Least Cost Pathway Analysis of obsidian circulation in Early Holocene–Early Middle Holocene Cyprus
Journal
Journal of Archaeological Science: Reports
Date Issued
August 2019
Author(s)
DOI
10.1016/j.jasrep.2019.101881
Abstract
Obsidian, a naturally occurring glass and rare resource, appears in the archaeological record of Cyprus at the same time when human populations establish permanent settlements across the island. Geological sources of obsidian do not occur on Cyprus so the material had to be procured elsewhere and then introduced to the eastern Mediterranean island.

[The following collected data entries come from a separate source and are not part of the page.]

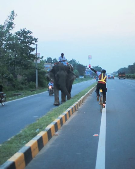 Bertemu gajah di tengah jalan saat gowes di India. Foto: Arsip Royke Lumowa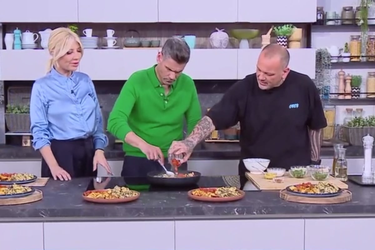 Όλα ξεκίνησαν όταν η παρουσιάστρια προσπαθούσε επίμονα να πείσει τον Δημήτρη Ουγγαρέζο να δοκιμάσει λίγο από το κοτόπουλο. Εκείνος, ωστόσο, επέμενε πως ακολουθεί συγκεκριμένη διατροφή, εξηγώντας ότι «αν φάει τώρα, μετά θα πέσει με τα μούτρα στο φαΐ».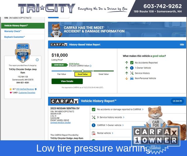 Fully serviced & Ready To Drive Home Today CALL NOW BEFORE ITS GONE!! (603) 207-8583Brakes checkedCabin air filter replaced/cleanedDrivability/performance checkedOil and filter changedTire(s) balancedTires rotatedDiscover the perfect blend of style, technology, and efficiency with this stunning 2023 Nissan Sentra SV. This sleek and modern sedan is designed to elevate your driving experience, offering a remarkable combination of features that cater to your every need.• Carpeted Floor Mats w/Trunk Mat• AM/FM radio: SiriusXM• Radio: AM/FM w/RDS/MP3/Aux-In• Air Conditioning• Rear window defroster• Remote keyless entry• Steering wheel mounted audio controls• Traction control• 4-Wheel Disc Brakes• Low tire pressure warning• Blind Spot Warning• Brake assist• Electronic Stability Control• Rear Parking SensorsSlip behind the wheel of this 2023 Nissan Sentra SV and experience the perfect blend of style and performance. With its sleek exterior design and well-appointed interior, this sedan is sure to turn heads wherever you go. The 2.0L DOHC engine, paired with the efficient CVT with Xtronic transmission, delivers an impressive 29 city/39 highway MPG, ensuring you can go further on every tank of gas.But it's not just the power and efficiency that make this Sentra SV stand out. The advanced technology features, including NissanConnect with Apple CarPlay and Android Auto, keep you connected and entertained on the go. The Blind Spot Warning and Rear Parking Sensors provide added peace of mind, while the Tilt and Telescoping Steering Wheel allow you to find the perfect driving position.Safety is also a top priority in the Sentra SV, with a comprehensive suite of advanced safety features. From the Dual Front Impact Airbags and Dual Front Side Impact Airbags to the Electronic Stability Control and Brake Assist, you can rest assured that you and your passengers are well-protected.But the true beauty of this Sentra SV lies in its versatility. Whether you're commuting to work, running errands, or embarking on a road trip, this sedan adapts to your lifestyle with ease. The spacious interior and split-folding rear seats provide ample room for passengers and cargo, ensuring that you can take everything you need with you.Don't miss your chance to experience the exceptional 2023 Nissan Sentra SV. Visit our showroom today and let our knowledgeable sales team guide you through all the features and benefits this remarkable vehicle has to offer. We're confident that once you take it for a test drive, you'll be convinced that this is the perfect car for you.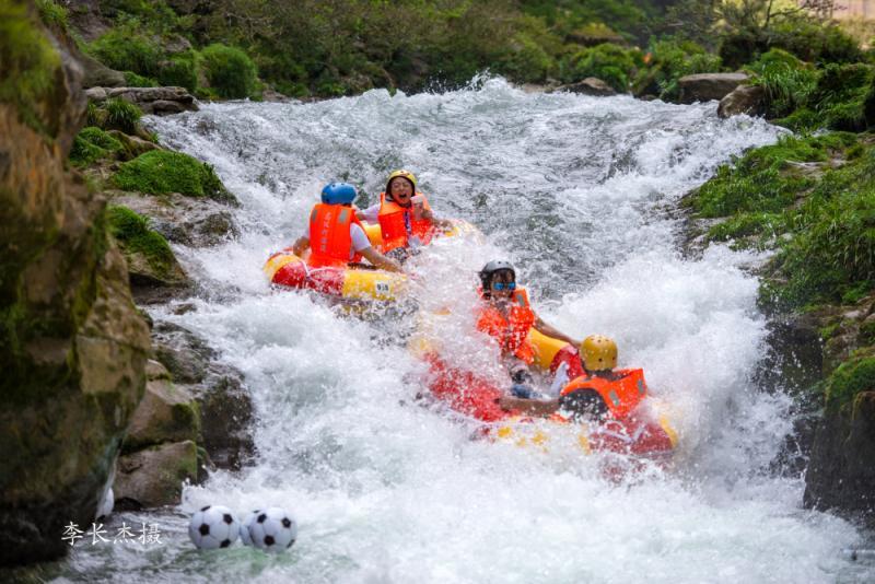 据介绍,高过河有着"休闲避暑胜地,度假漂流天堂"之称,因整个景区一年四季瀑声不断,蝉鸟唱和,蔚为壮观,被誉为“一条会唱歌的河”。高过河漂流河段全长5公里,漂流落差200米,沿途有风景美、漂程远、落差大、水质好、险滩多的特点,是省内外游客漂流的首选之地。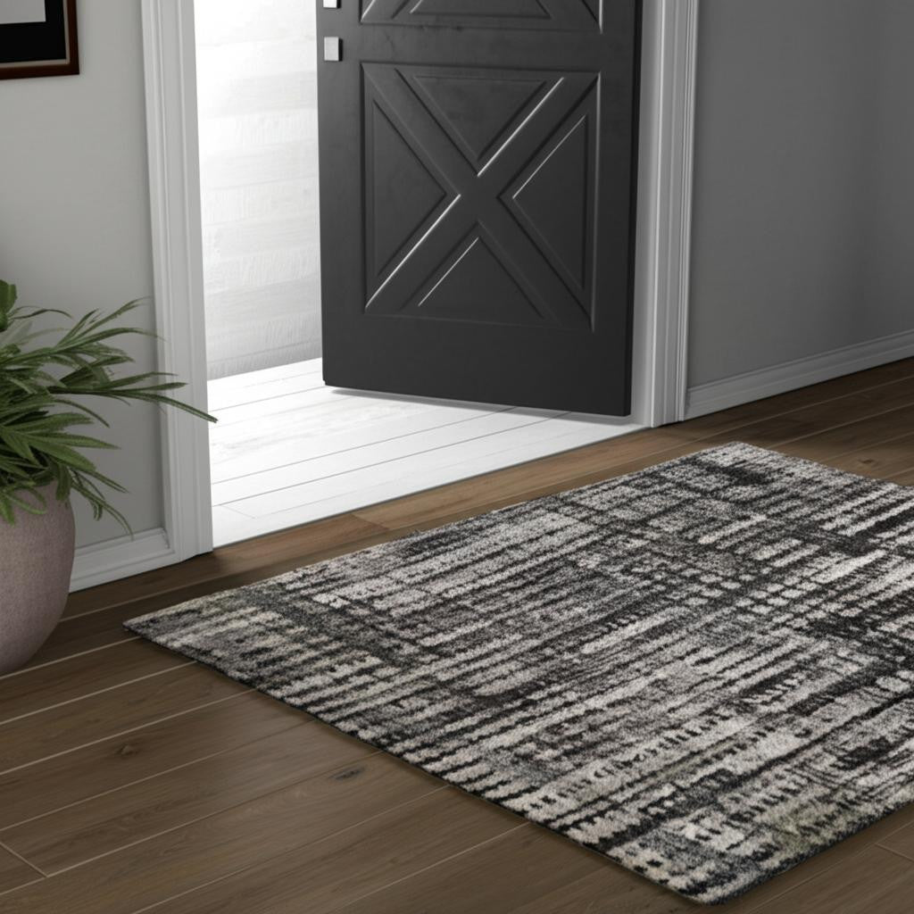 Add great coloration and comfortable texture to your space with this 2-foot x 3-foot gray black and ivory abstract distressed area rug. Ideal for spaces with kids and pets, this rug is stain resistant to help repel dirt and spilled liquids. Built to last, this rug crafted from polypropylene blend fibers is known for its durability and long lasting appeal. Rugs are a great way to showcase your style, hide imperfections, warm your home and reduce noise. This smaller sized, industrial styled rug is just what you need for your walkway, bedside, in front of door, cabinet, refrigerator, or chair. 21-inch h x 34-inch w x 1-inch d.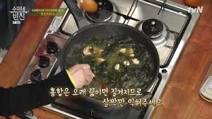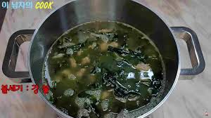 물을 한 번에 다 넣지 말고 2차례로 나눠 넣는 방법도 있어요. 처음에는 미역이 잠길 정도만 넣고 센불에서 끓이다가, 국물이 뽀얗게 우러나면 나머지 물을 추가하는 거죠. 이렇게 하면 단시간에도 진한 국물 맛을 낼 수 있답니다.

Recent geochemical analyses (pXRF) on obsidian assemblages dating to the Early Holocene (8900–5200 Cal BCE) demonstrate that the material derives from multiple exogenous geological sources. Here we use a geospatial computational approach, namely Least Cost Paths Analysis, to address the circulation of obsidian once it arrived on the island. By doing so, we aim to: (a) determine the potential routes/optimal paths via which the material circulated across the island, (b) understand how these early communities used their landscape to build their social networks and exchange their goods, and (c) compare how these paths may have differed from the earlier exploitation locales of the first visitors to reach Cyprus in the Terminal Pleistocene.